Things I Wish I'd Known Before We Got Married

by Dr. Gary Chapman

Dr. Chapman is the author of the best-selling "The Five Love Languages". In this book, counselors will learn:

1. That feelings of being "in love" cannot sustain a marriage, since the average life-span of these feelings is about two years.
That what sustains a marriage is spouses learning to communicate love in the forms that are most received by their partner.

2. That we will often develop uncanny similarities to our parents, including their drinking habits, communication patterns, energy levels, and appearance.

3. How to resolve marital disagreements without arguing, such as truly listening to the other spouse so as to give an adequate summary of their perspective, agreeing to disagree, and compromising.

4. The importance of spouses making effective apologies for wrongdoing. How learning to speak your spouse's language of apology is more effective than just saying you are sorry.

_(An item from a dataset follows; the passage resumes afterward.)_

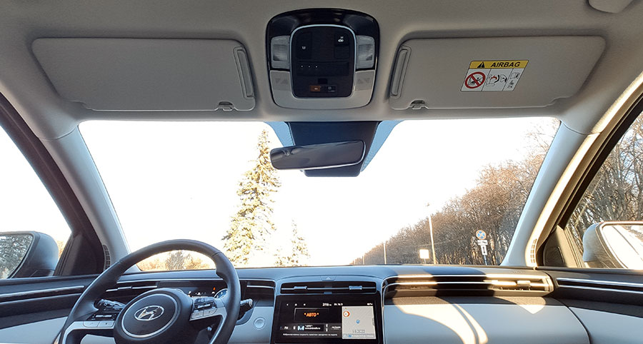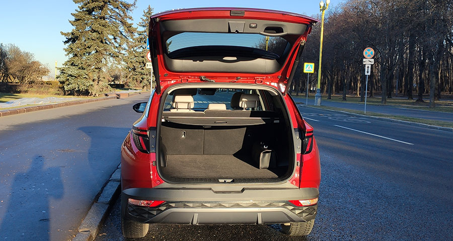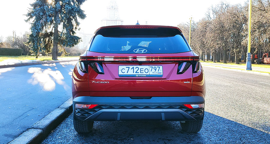 На дороге Hyundai Tucson 2022 ведет себя адекватно и предсказуемо. Завяленных 149 л.с. вместе с шестиступенчатой АКПП отлично хватает для всех режимов вождения автомобиля, будь то город или трасса. Приемистость и уверенное движение приятны как для водителя, так и для пассажира. Машина очень тихая, и к этому моментально привыкаешь. Настройка подвески мне показалась упругой, так как большую часть времени ездил в машине одни. По асфальту мягко перекатываются низкопрофильные шины 235/60 R18, надетые на темно-серые литые диски сложной звездчатой формы. Благодаря оригинальной форме ДХО автомобиль узнается в потоке и привлекает внимание.
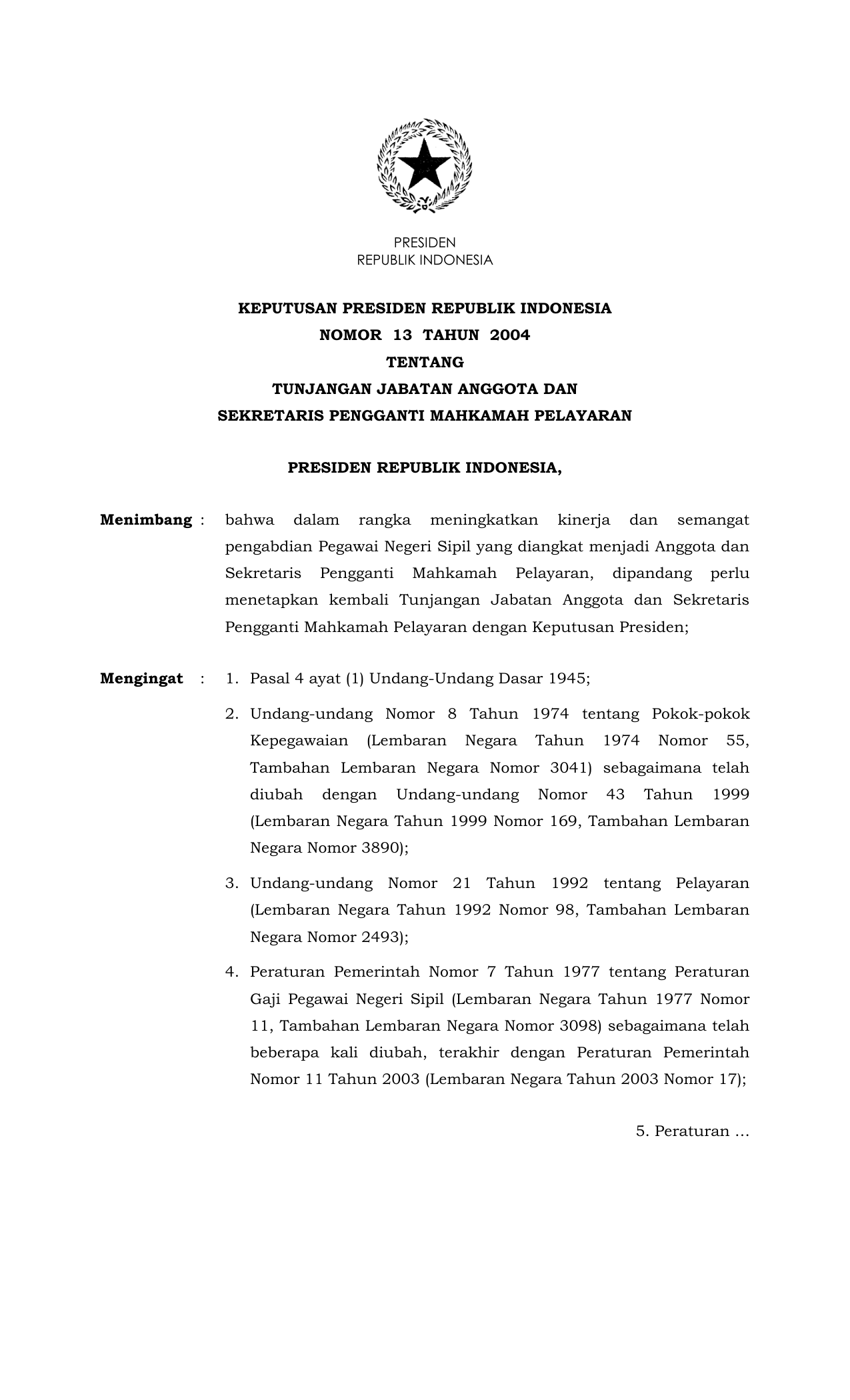 KEPPRES Nomor 13 Tahun 2004 | Keputusan Presiden Nomor 13 Tahun 2004 tentang TUNJANGAN JABATAN ANGGOTA DAN SEKRETARIS PENGGANTI MAHKAMAH PELAYARAN

The five different ways of apologizing are 1) expressing regret, 2) accepting responsibility, 3) making restitution, 4) genuinely expressing the desire to change your behavior, and 5) requesting forgiveness.

5. How forgiveness is one's decision to offer grace instead of demanding justice.

6. How spouses can agree on doing which household chores.

7. How spouses can most effectively manage their money, and what common major mistakes to avoid, such as purchasing a home they cannot afford, going out to eat too often, buying new cars, and buying too much alcohol. How to live on 80% of your income, give 10% to charity, and save 10%. How couples can agree not to buy something over a certain amount without consulting the other.

8. How to resolve common sexual difficulties, such as: overcoming the myth that husband and wife must reach climax together, that a husband should spend sufficient time caressing his wife, that a husband participating in household chores will often increase desire in his wife for him, and that spouses should only engage in sexual acts they are both comfortable with.

9. How spouses can develop good relationships with their in-laws, by learning to listen empathetically to them, speaking their particular love languages to them, and alternating holidays with them.

10. How spiritual compatibility in marriage has more to do with what each spouse believes in how God speaks to them and what He has said.

11. How spouses can live with a partner who has very different habits, including Morning person vs. Night person, Optimist vs. Pessimist,
Neat vs. Messy, Talker vs. Non-talker, Passive vs. Aggressive, Logical thinkers vs. Intuitive person, and Organizer vs. Spontaneous person.

12. How to have a balanced dating relationship by attending to these areas of growth: Intellectual, Emotional, Social, Spiritual, and Physical.